1.The “My Diagnosis” chapter of Girl Interrupted (150-164) examines Susanna Kaysen’s hospital file that stated she had Borderline Personality. On page 151 she writes: “What does borderline personality mean, anyhow?” The DSM has lots of neat categories for all sorts of mental conditions but I feel that human beings are much more complex than a list of definitive signals that result in being “labeled” with one disorder or another. What about overlapping conditions? How do you feel about Susanna’s lengthy hospitalization? Was it warranted or an overreaction to the emotional struggles of a sensitive and intelligent young woman who felt lost and trapped by her circumstances?

2.Kaysen mulls over the chaos going on in her mind in the chapter called Velocity vs. Viscosity (75-78). I found the last line of this chapter particularly moving. Susanna is wondering what the catalyst to her next depressive episode will be and she says: Endogenous (internal) or exogenous (external), nature or nurture – it’s the great mystery of mental illness. So, in your opinion, what causes some people to succumb to depression and sometimes even give in to the suicidal impulse and others to simply cope with all kinds of suffering and come out unscathed?

Submitted by Bonnie Akkerman I pledge…

1. Quoting her psychiatrist, Susanna Kaysen states that the diagnosis of borderline personality disorder (BPD) is “what they call people whose lifestyles bother them” (151). She goes on to suggest that since homosexuality is no longer in the DSM (formerly considered aberrant behavior, too) that BPD should no longer be in it either (152). I believe she misses the point here. Removing homosexuality from the DSM helps to remove the stigma from homosexuality, which may alleviate the mental stress homosexuals might otherwise have for being labeled deviant. On the other hand, those who have BPD suffer significant distress due to their thinking and behavior. It is possible to correct a person’s cognitive processes and behavior; it is not possible to fix a person’s sexual orientation. Therefore, I think BPD should be kept in the DSM. What do you think?

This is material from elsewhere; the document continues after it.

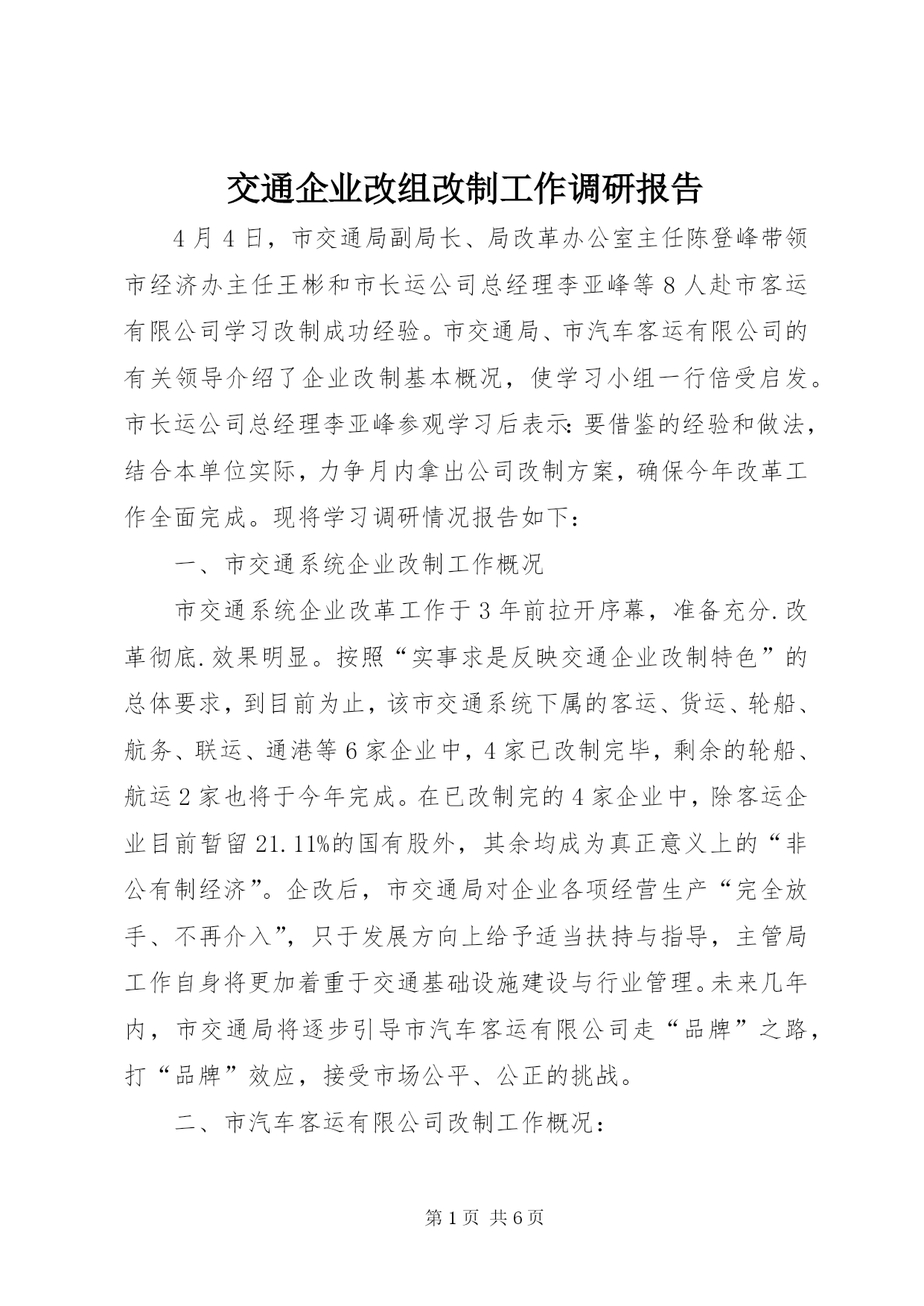 第PAGE\*Arabic\*MERGEFORMAT6页共NUMPAGES\*MERGEFORMAT6页交通企业改组改制工作调研报告4月4日,市交通局副局长、局改革办公室主任陈登峰带领市经济办主任王彬和市长运公司总经理李亚峰等8人赴市客运有限公司学习改制成功经验。市交通局、市汽车客运有限公司的有关领导介绍了企业改制基本概况,使学习小组一行倍受启发。市长运公司总经理李亚峰参观学习后表示:要借鉴的经验和做法,结合本单位实际,力争月内拿出公司改制方案,确保今年改革工作全面完成。现将学习调研情况报告如

2. Kaysen admits that she “had boyfriends by the barrelful,” but doesn’t go into much detail into the nature of those relationships (155). One of the key features of BPD is unstable relationships, which are a source of stress for those with BPD (147). Kaysen seems almost proud of the fact that she’s had a lot of boyfriends, rather than be upset about it. Do you think that these numerous relationships were happy, or not?

Submitted by Chris O'Neill

1. I came into this reading with a somewhat sympathetic perspective, considering I was also hospitalized for BPD symptoms. The disease is incredibly complex, mainly because–like other diseases such as Anxiety, Depression, and ADHD–people around you can often claim to 'have experienced what you're feeling.' “Everyone has trust issues.” “Everyone goes through rocky relationships, sometimes.” You hear those near-constantly when you're explaining your feelings to close family members. While this is true, most people can sift through their rational and irrational thoughts and cope with their emotions relatively easily. It is often difficult for neurotypical people to understand how tough it can be to learn social skills, boundaries, and emotional regulation when you didn't grow up inherently knowing them. A good analogy would be to compare it to learning a language most people just grew up speaking as kids.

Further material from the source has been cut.